(Beginning of Material shown)
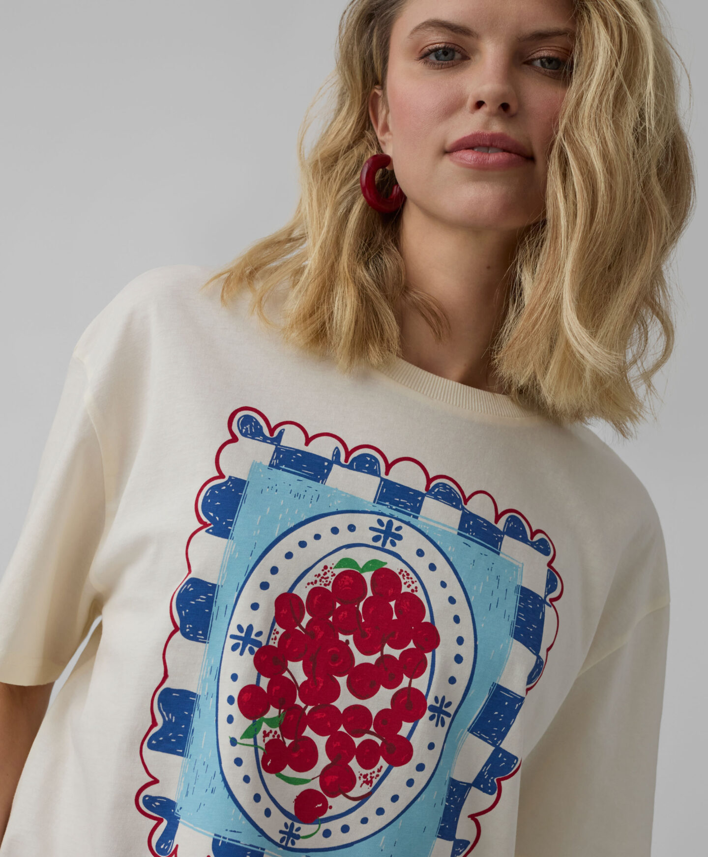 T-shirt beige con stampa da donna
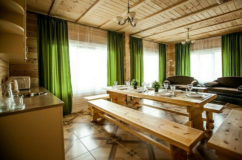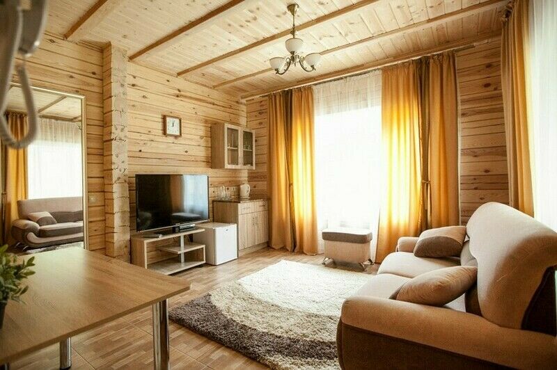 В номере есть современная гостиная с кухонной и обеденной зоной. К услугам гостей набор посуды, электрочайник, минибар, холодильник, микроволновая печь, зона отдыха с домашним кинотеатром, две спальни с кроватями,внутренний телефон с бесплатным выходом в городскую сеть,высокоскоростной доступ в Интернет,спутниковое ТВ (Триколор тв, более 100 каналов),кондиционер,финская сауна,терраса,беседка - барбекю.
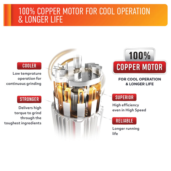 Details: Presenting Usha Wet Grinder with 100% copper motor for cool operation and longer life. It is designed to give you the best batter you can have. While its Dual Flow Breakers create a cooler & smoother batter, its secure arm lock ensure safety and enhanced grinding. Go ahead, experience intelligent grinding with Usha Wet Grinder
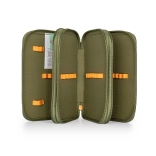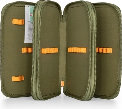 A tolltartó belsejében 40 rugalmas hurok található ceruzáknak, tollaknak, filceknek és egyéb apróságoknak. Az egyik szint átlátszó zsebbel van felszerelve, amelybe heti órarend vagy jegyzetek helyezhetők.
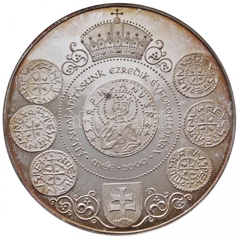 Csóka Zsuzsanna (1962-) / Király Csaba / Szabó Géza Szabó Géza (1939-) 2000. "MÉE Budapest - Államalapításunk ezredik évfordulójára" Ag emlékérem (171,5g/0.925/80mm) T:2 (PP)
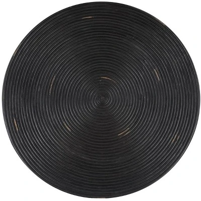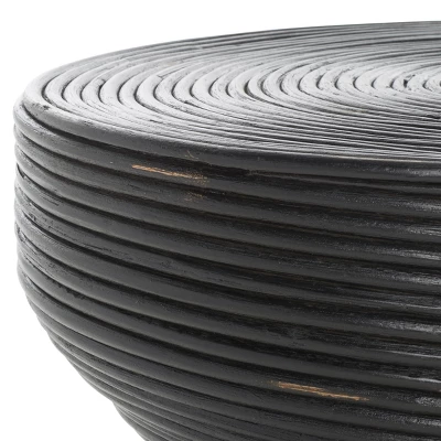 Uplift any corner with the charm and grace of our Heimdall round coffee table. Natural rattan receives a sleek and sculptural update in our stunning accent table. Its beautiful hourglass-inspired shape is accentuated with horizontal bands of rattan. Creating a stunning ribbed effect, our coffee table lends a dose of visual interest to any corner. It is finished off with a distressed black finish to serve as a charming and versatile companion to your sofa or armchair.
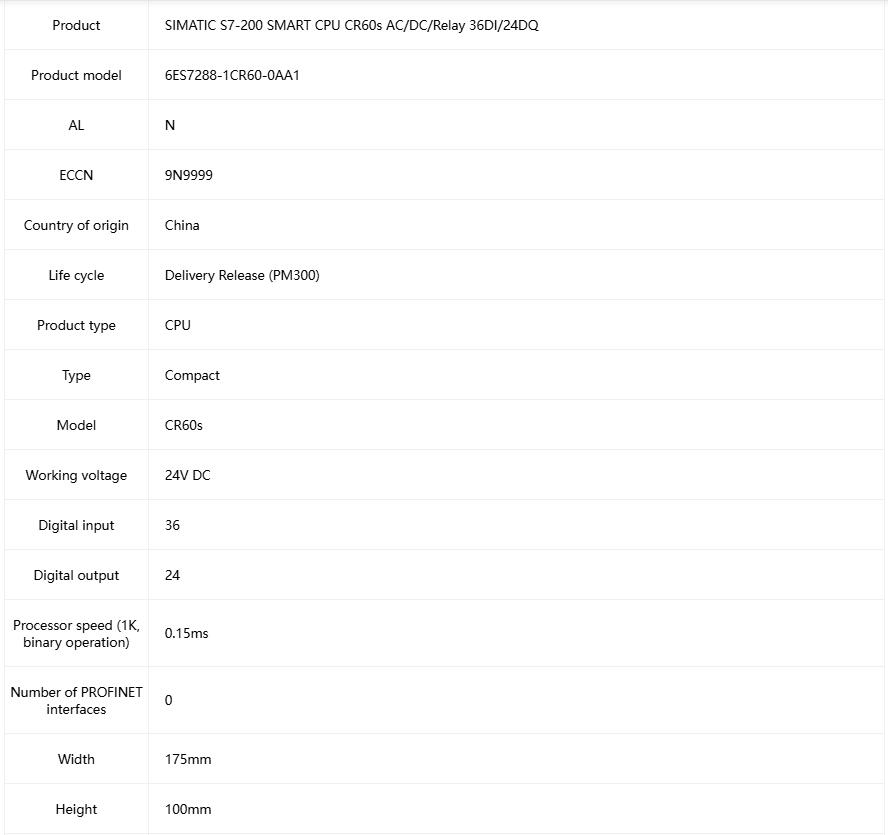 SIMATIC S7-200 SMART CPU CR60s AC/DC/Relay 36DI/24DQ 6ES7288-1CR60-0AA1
(End of Material shown)
## What you should do
Keep every word of the records and none of the pictures when you print them again.

## Answer to this task
 T-shirt beige con stampa da donna
 В номере есть современная гостиная с кухонной и обеденной зоной. К услугам гостей набор посуды, электрочайник, минибар, холодильник, микроволновая печь, зона отдыха с домашним кинотеатром, две спальни с кроватями,внутренний телефон с бесплатным выходом в городскую сеть,высокоскоростной доступ в Интернет,спутниковое ТВ (Триколор тв, более 100 каналов),кондиционер,финская сауна,терраса,беседка - барбекю.
 Details: Presenting Usha Wet Grinder with 100% copper motor for cool operation and longer life. It is designed to give you the best batter you can have. While its Dual Flow Breakers create a cooler & smoother batter, its secure arm lock ensure safety and enhanced grinding. Go ahead, experience intelligent grinding with Usha Wet Grinder
 A tolltartó belsejében 40 rugalmas hurok található ceruzáknak, tollaknak, filceknek és egyéb apróságoknak. Az egyik szint átlátszó zsebbel van felszerelve, amelybe heti órarend vagy jegyzetek helyezhetők.
 Csóka Zsuzsanna (1962-) / Király Csaba / Szabó Géza Szabó Géza (1939-) 2000. "MÉE Budapest - Államalapításunk ezredik évfordulójára" Ag emlékérem (171,5g/0.925/80mm) T:2 (PP)
 Uplift any corner with the charm and grace of our Heimdall round coffee table. Natural rattan receives a sleek and sculptural update in our stunning accent table. Its beautiful hourglass-inspired shape is accentuated with horizontal bands of rattan. Creating a stunning ribbed effect, our coffee table lends a dose of visual interest to any corner. It is finished off with a distressed black finish to serve as a charming and versatile companion to your sofa or armchair.
 SIMATIC S7-200 SMART CPU CR60s AC/DC/Relay 36DI/24DQ 6ES7288-1CR60-0AA1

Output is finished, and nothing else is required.